Comic Discussion > ALICE GROVE
Alice Grove MCDLT - THE END...?
Otl1973:
--- Quote from: BenRG on 20 Jul 2017, 09:32 ---Well, suicide-by-black hole is probably the only guaranteed way for one of Alice's kind to kill themselves.
That said... Alice...? This wish says wonderful things about your conscience but... in the end, don't you think that you're running away from your crimes? It sounds to me that you're avoiding confronting a world where you are just another super-immortal rather that 'The Witch' and thus without the immunity your reputation has given you so far..
--- End quote ---
There have been several comments implying that everyone was going to turn into Alice. As far as I can tell, what Laridia actually indicated was that everyone was going to turn into Ardent and Gavia - powerful but not super powered, probably longer lived but not immortal, perhaps a master of technology but not a master of entropy. Alice (and any remaining others of her ilk) would remain of a separate order...
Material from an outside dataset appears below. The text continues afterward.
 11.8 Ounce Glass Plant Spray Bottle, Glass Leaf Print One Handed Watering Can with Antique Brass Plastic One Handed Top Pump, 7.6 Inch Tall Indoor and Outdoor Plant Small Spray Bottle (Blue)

--- Quote from: Tova on 20 Jul 2017, 17:17 ---I think I prefer stories that don't answer all of their own questions. They make for more interesting discussion.
--- End quote ---
Though this one seems to have left too many unanswered, unless Jeph plans to revisit it.
TheEvilDog:
4 years creating a tribute to Iain M Banks?
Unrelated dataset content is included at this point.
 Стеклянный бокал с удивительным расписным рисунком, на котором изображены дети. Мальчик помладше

Bravo Mr Jacques, bravo. :-D
mikmaxs:
So... There was literally zero actual jeopardy in the entire main story. Nothing the characters did had any impact beyond their personal sphere. That's extremely disappointing to me, especially considering that the only real conflict in the story was introduced three quarters of the way into the story with only a single-page teaser that told us almost nothing before it and was dispatched in a way that the audience literally could not have seen coming without wild, unsourced speculation.
Honestly, everything here was just such an anticlimax. The only thing that was explained was the primary conflict, and it was... Well, not the MOST boring explanation, but one that doesn't really raise the good kind of questions. I do have questions, but it's all about things that were either explicitly left unresolved with no way of even guessing at an answer, or just questions of confusion about character motivation and plot holes.
TheEvilDog:
Or maybe the whole story is an examination of what it is to be human.
What truly defines humanity? You had a war on a massive scale between bioaugmentation and the use of technology trying to figure that out.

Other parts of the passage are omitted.